Fendi: 100 Años de Lujo Romano, Artesanía y Revolución

Fendi: 100 Años de Lujo Romano, Artesanía y Revolución
En el corazón de Roma, a la sombra del Coliseo y la Fontana di Trevi, una modesta peletería abrió sus puertas en 1925. Fundada por Adele y Edoardo Fendi, la casa que lleva su nombre ha evolucionado de un pequeño taller familiar a un imperio global, sin perder nunca su alma artesanal. Celebrar 100 años de Fendi no es solo conmemorar un siglo de moda; es reconocer la historia de una marca que ha sabido fusionar la maestría manual de la antigua Roma con una visión de vanguardia incesante. Desde la piel más fina hasta los bolsos más icónicos, Fendi es un testimonio de cómo la tradición, el linaje familiar y la disrupción creativa pueden forjar una de las identidades más poderosas del lujo italiano.
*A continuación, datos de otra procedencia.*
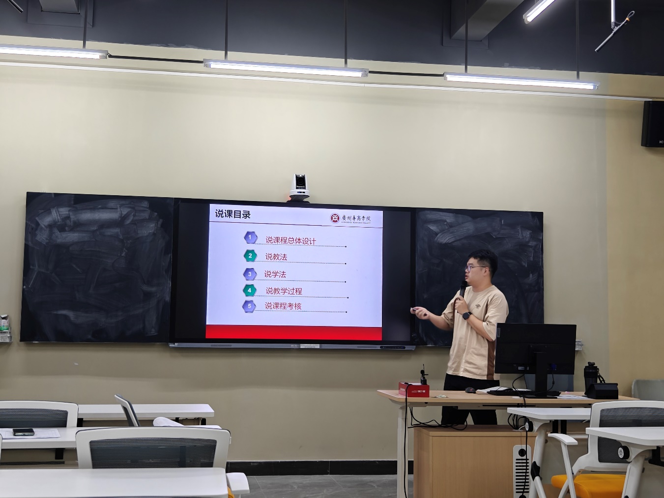 张嘉明老师讲授的是《税收管理》课程。张老师从课程总体设计、教法、学法、教学过程、课程考核五个方面进行说课讲解。张老师选取了课程中税务行政处罚的知识点进行讲解,通过旧知识回顾、新知识讲解、案例视频观看、问题讨论以及习题演练等多个教学环节向参加活动的各位老师展现了一堂丰富生动的课程。

De Peletería Familiar a Imperio Global
Los inicios de Fendi se basaron en la artesanía y la alta marroquinería. Adele y Edoardo Fendi construyeron su reputación sobre la calidad, el detalle y la excelencia de sus productos, ganándose una fiel clientela en la alta sociedad romana. Sin embargo, el verdadero punto de inflexión llegó en la década de 1960, cuando las cinco hijas de la pareja —Paola, Anna, Franca, Carla y Alda— tomaron el control de la empresa. Con ellas, Fendi se abrió a una visión más ambiciosa, buscando inyectar juventud y energía a la casa.
La decisión más importante y trascendental fue contratar a un joven y desconocido diseñador alemán llamado Karl Lagerfeld en 1965. Lagerfeld, un genio creativo sin igual, no solo revitalizó la marca, sino que la reinventó por completo. Fue él quien, con su ingenio, creó el icónico logo de la doble F, que no significa «Fendi Fendi», sino «Fun Fur» («Piel Divertida»), un juego de palabras que simbolizaba su enfoque revolucionario y lúdico hacia el material que había sido el pilar de la casa. Lagerfeld transformó las pieles pesadas y tradicionales en prendas ligeras, versátiles y audazmente modernas. Su colaboración con las hermanas Fendi se convertiría en una de las asociaciones creativas más largas y exitosas en la historia de la moda.
La Dinastía Creativa y los Objetos de Deseo
Bajo la dirección de Lagerfeld y la colaboración inestimable de Silvia Venturini Fendi (hija de Anna Fendi), la casa se consolidó como una potencia mundial. Silvia, que se unió a la marca en 1994, se hizo cargo del diseño de los accesorios y la línea de hombre, dejando su huella imborrable con la creación de los bolsos que se convertirían en verdaderos «objetos de deseo» y pilares de la identidad de la casa.
- El Baguette: Lanzado en 1997, este pequeño y elegante bolso de mano se convirtió en el primer «it-bag» global. Su diseño compacto y sus variaciones infinitas lo hicieron un ícono cultural, inmortalizado por Carrie Bradshaw en la serie Sex and the City. Más que un accesorio, el Baguette era una declaración de estatus y personalidad.
- El Peekaboo: Concebido en 2009, el Peekaboo es la encarnación del lujo discreto. Su diseño con dos compartimentos separados, que revelan un forro contrastante, es un guiño al ingenio y la artesanía. Su nombre, que se traduce como «juego de escondite», resume la sofisticación de una pieza que valora más la calidad interior que la ostentación exterior.
- El Fendi First: Un ícono más reciente, lanzado por Kim Jones, que destaca por su cierre con forma de «F» inclinado y su silueta arquitectónica. Representa la nueva era de la casa, rindiendo homenaje a la historia con una mirada audaz hacia el futuro.

El Futuro de Fendi: Un Legado en Manos de la Expectación
Tras la muerte de Karl Lagerfeld en 2019, la dirección creativa de las colecciones de mujer fue asumida por Kim Jones, quien se unió a la casa en 2020 e hizo un gran trabajo, continuando la evolución de la firma y combinando su rica herencia con una sensibilidad contemporánea. Si bien Jones ha finalizado su periodo en la maison, Silvia Venturini Fendi continúa garantizando una conexión vital con el ADN familiar al frente de la dirección creativa de accesorios y la línea de hombre. La herencia de la firma y su espíritu romano son los pilares sobre los que se construirá su próximo capítulo, mientras el mundo de la moda espera con expectación quién será la figura que tome las riendas de este legado.
El centenario de Fendi es más que un hito; es la celebración de una casa que nunca ha temido transformarse. Su historia es un recordatorio de que la verdadera maestría reside en honrar el pasado mientras se mira valientemente al futuro, una lección que la moda sigue aprendiendo.